Some of the latest advancements in gene delivery technology are highlighted in a SelectScience webinar presented by Dr. Bruce Levine, Barbara and Edward Netter Professor in Cancer Gene Therapy, University of Pennsylvania, and Founding Director of CVPF. This includes the creation of engineered T-cells for developing chimeric antigen receptor (CAR)-T cell therapies and other novel therapeutic approaches such as T cells resistant to HIV infection. 

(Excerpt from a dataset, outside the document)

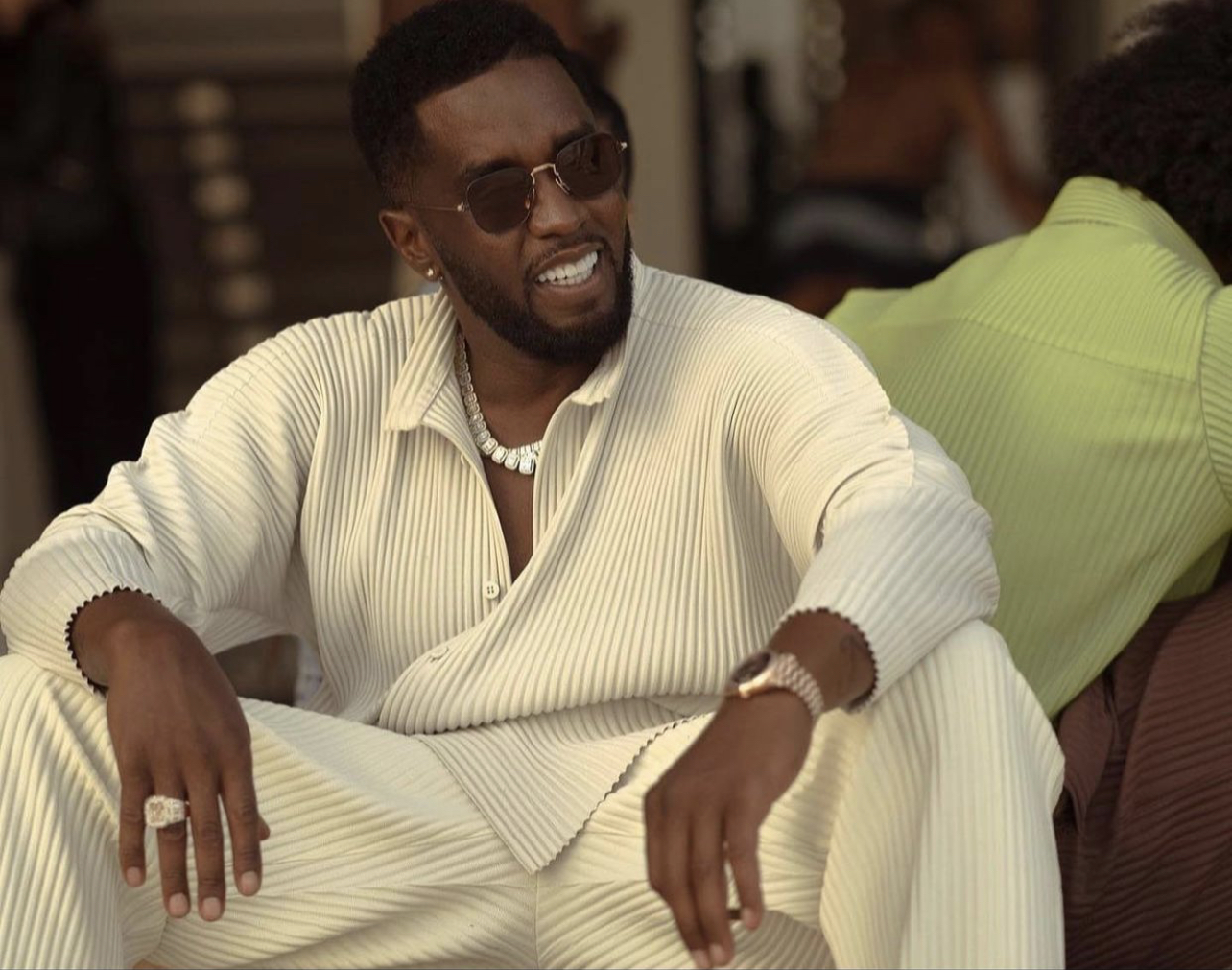 For the event, Diddy wore a look by Homme Plissé Issey Miyake including a $463 collarless button shirt and tapered trousers (sold out). As the evening went on, he switched to a pair of plissé shorts also by Homme Plissé Issey Miyake. He complete the look with a pair of sunglasses, an icy necklace and $530 Fendi yellow fabric and suede espadrilles. His look was styled by Jun Choi and Lade Aiyeku.

This webinar is now available to watch on demand >> 

In particular, Levine discusses the clinical development of a unique CAR-T cell therapy and addresses the current healthcare challenges that impact the development of such a treatment.

Watch this on-demand webinar to learn the following:

  • The mechanism of action of CAR-T cells
  • The clinical development from bench to bedside of a unique cell therapy
  • The vein-to-vein complexities and healthcare challenges of developing a paradigm shift in therapies

 

Here are the highlights from the Q&A discussion at the end of the webinar:

Q: Do PR or NR patients benefit from repeated CAR-T infusions?

BL: It depends. In our pediatric acute lymphoid leukemia patients, the clinicians have been using B-cell aplasia as a surrogate marker for the persistence of the CAR-T cells and, because of the kinetics data which I showed earlier in the presentation, we know what the average aplasia and the area under the curve of the CAR-T cells should be. If they see early disappearance of the CAR-T cells using this marker, then in some of our clinical trials we have the option to give an additional dose or a supplemental dose. In many trials that's not the case, so we just give one infusion. Now, there are other avenues, as I did present. With lymphoma, we have a trial open where patients roll over into a clinical trial where they can receive checkpoint antibody therapy. So, we're just learning the kinetics of the T cells and how this is reflected in B-cell aplasia, and we'll be learning more as the data comes in from our solid tumor clinical trials and those of collaborators, other institutes and other industry players in the field.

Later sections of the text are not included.